The potential development of Ontario’s first diamond mine was put on hold in July.
In a surprise move, the Attawapiskat First Nations community told De Beers Canada Corp. it had decided to suspend its consultation process with De Beers.
With exploration at the Victor diamond site complete, DeBeers and its engineering consultants are in the midst of a pre-feasibility study to determine if it is worth building a mine in a muskeg area about 90 kilometres inland from Attawapiskat. The study is expected to be wrapped up by either October or November, at which time the decision was to have been made to proceed to a full-blown feasibility study likely to take 12 to 18 months.

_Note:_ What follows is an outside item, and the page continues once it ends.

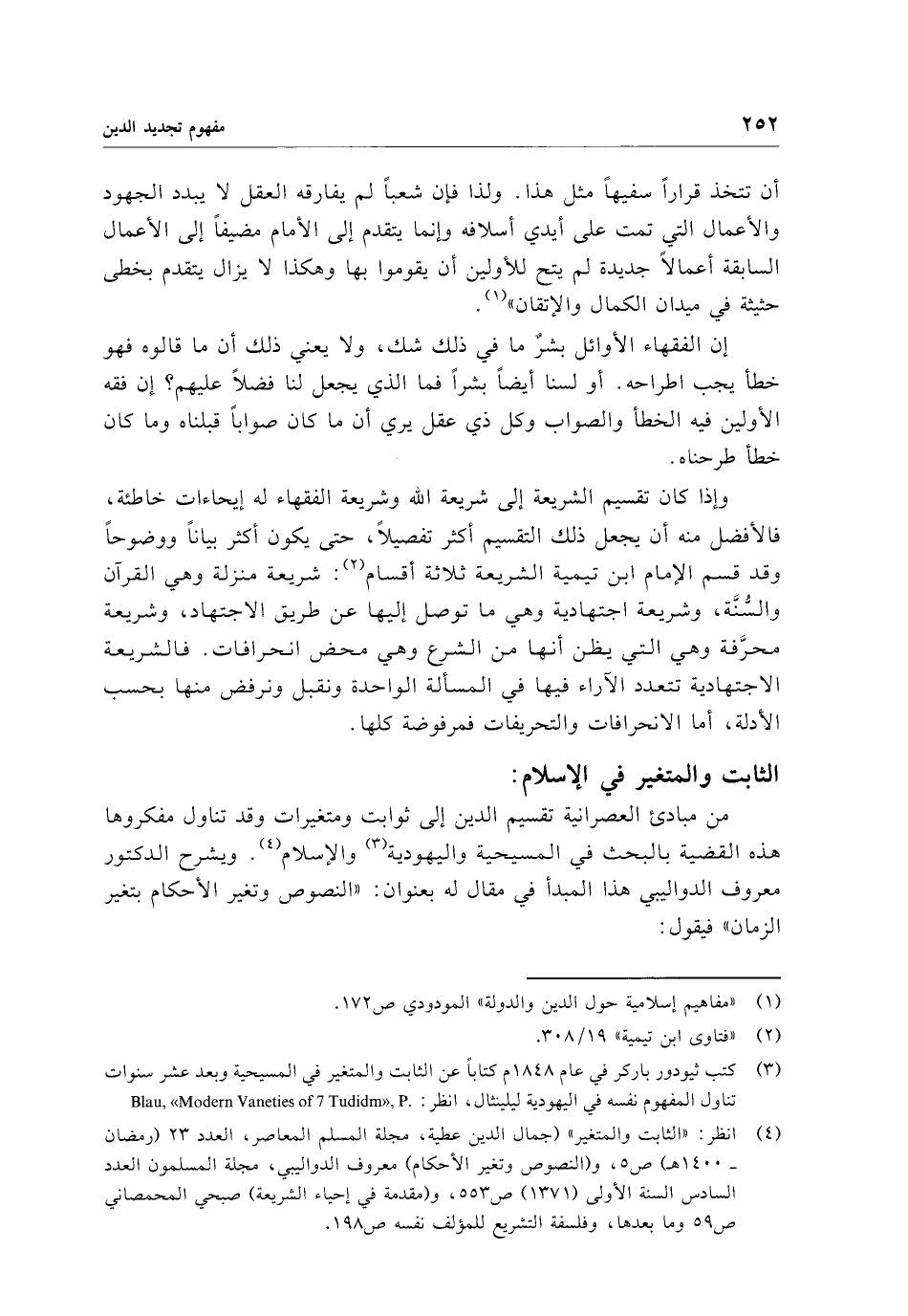 (¬4) انظر: "الثابت والمتغير" (جمال الدين عطية، مجلة المسلم المعاصر، العدد 23) رمضان - 1400 هـ) ص 5، و (النصوص وتغير الأحكام) معروف الدواليبي، مجلة المسلمون العدد السادس السنة الأولى (1371) ص 553، و (مقدمة في إحياء الشريعة) صبحي المحمصاني ص 59 وما بعدها، وفلسفة التشريع للمؤلف نفسه ص 198.

If the project were approved by the board of directors, construction could begin in 2005-06, with an eventual mine operating life of 11 to 12 years. To date, the company has invested about $40 million to excavate 9,650 tonnes of kimberlite rock at the Victor project.

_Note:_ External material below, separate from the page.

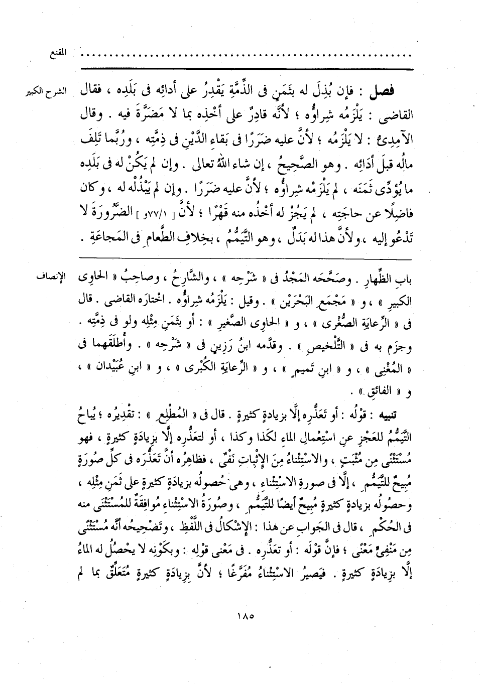 تنبيه: قوْلُه: أو تَعَذُّرِه إلَّا بزيادةٍ كثيرةٍ. قال في «المُطْلِع»: تقْدِيرُه؛ يُباحُ التَّيَمُّمُ للعَجْزِ عنِ اسْتِعْمالِ الماءِ لكَذا وكذا، أو لتعَذُّرِه إلَّا بزِيادَةٍ كثيرةٍ، فهو مُسْتَثْنًى مِن مُثْبَتٍ، والاسْتِثْناءُ مِنَ الإِثْباتِ نَفْيٌ، فظاهِرُه أنَّ تَعَذُّرَه في كلِّ صُورَةٍ مُبِيحٌ للتَّيَمُّمِ، إلَّا في صورةِ الاسْتِثْناءِ، وهي حُصولُه بزيادَةٍ كثيرةٍ على ثَمَنِ مِثْلِه، وحصُولُه بزيادةٍ كثيرةٍ مُبِيحٌ أيضًا للتَّيَمُّمِ، وصُورَةُ الاسْتِثْناءِ مُوافِقَةٌ للمُسْتَثْنَى منه في الحُكْمِ، قال في الجَوابِ عن هذا: الإِشْكالُ في اللَّفْظِ، وتَصْحِيحُه أنَّه مُسْتَثْنًى مِن مَنْفِيٍّ مَعْنًى؛ فإنَّ قوْلَه: أو تعَذُّرِه. في مَعْنى قوْلِه: وبكَوْنِه لا يحْصُلُ له الماءُ إلَّا بزِيادَةٍ كثيرةٍ. فيَصيرُ الاسْتِثْناءُ مُفَرَّغًا؛ لأنَّ بِزِيادَةٍ كثيرةٍ مُتَعَلِّق بما لم

The First Nation intends to seek legal advice and carry out an independent internal review on the matter. The First Nation terminated the community consultation process claiming both federal and provincial governments have not adequately consulted with them.
The community of 1,600 wants to protect their hunting, fishing and trapping territory, and claim they have not been properly served by the De Beers’ agreement. An official with the company says the issues of Aboriginal treaty rights seems to be a shift in focus from the previous First Nations’ agenda.